▶ DATA BLOCK
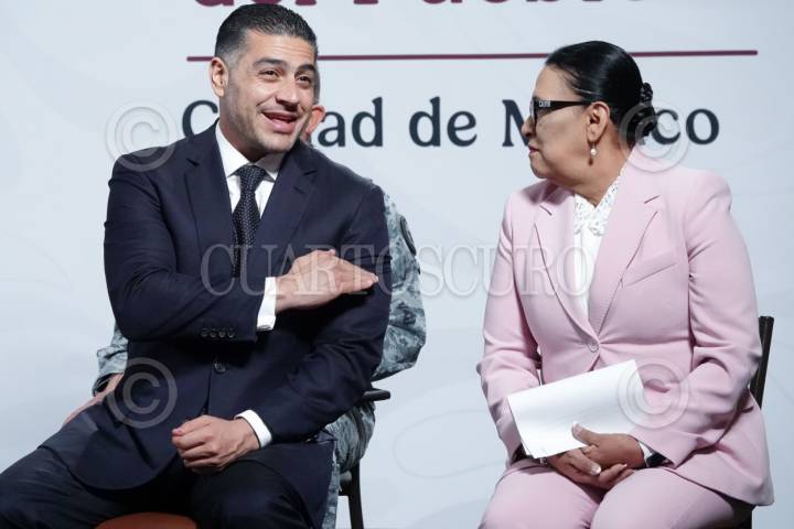 CIUDAD DE MÉXICO, 25MARZO2025.- Omar García Harfuch, secretario de Seguridad y Protección Ciudadana, y Rosa Icela Rodríguez, secretaria de Gobernación, durante la conferencia “Mañanera del Pueblo” en la que se presentó en informe semanales materia de seguridad. FOTO: GALO CAÑAS/CUARTOSCURO.COM
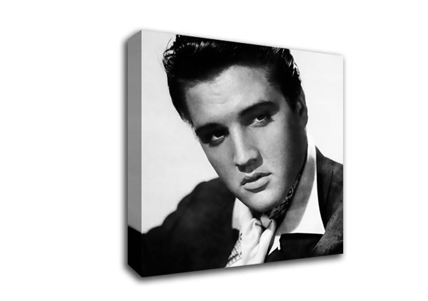 Elvis Presley Portrait Square Canvas Print handmade in the UK. Stretched over a 2 inch thick wooden box frame, ready to hang on your wall.
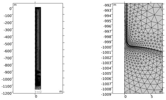 The integrated thermodynamic coupled model included multiple physical fields, including turbulence, solid and fluid heat transfer, solid mechanics, non-isothermal flow, and thermal expansion. The model was divided according to the characteristics of the physical fields. In the processes of gas injection and gas withdrawal, there is a large temperature gradient and stress gradient at the cavity wall and well wall; thus, the grid at the wall had to be encrypted. Therefore, five boundary layers were set at the wall; the model contained a total of 32,923 domain elements and 3185 boundary elements (Figure 3).

▶ EXERCISE GOAL
Nothing but the lines from the one that contains "Elvis Presley Portrait" through the end of the material above is to be reproduced, exactly and without pictures.

▶ ANSWER FOR THIS EXERCISE
 Elvis Presley Portrait Square Canvas Print handmade in the UK. Stretched over a 2 inch thick wooden box frame, ready to hang on your wall.
 The integrated thermodynamic coupled model included multiple physical fields, including turbulence, solid and fluid heat transfer, solid mechanics, non-isothermal flow, and thermal expansion. The model was divided according to the characteristics of the physical fields. In the processes of gas injection and gas withdrawal, there is a large temperature gradient and stress gradient at the cavity wall and well wall; thus, the grid at the wall had to be encrypted. Therefore, five boundary layers were set at the wall; the model contained a total of 32,923 domain elements and 3185 boundary elements (Figure 3).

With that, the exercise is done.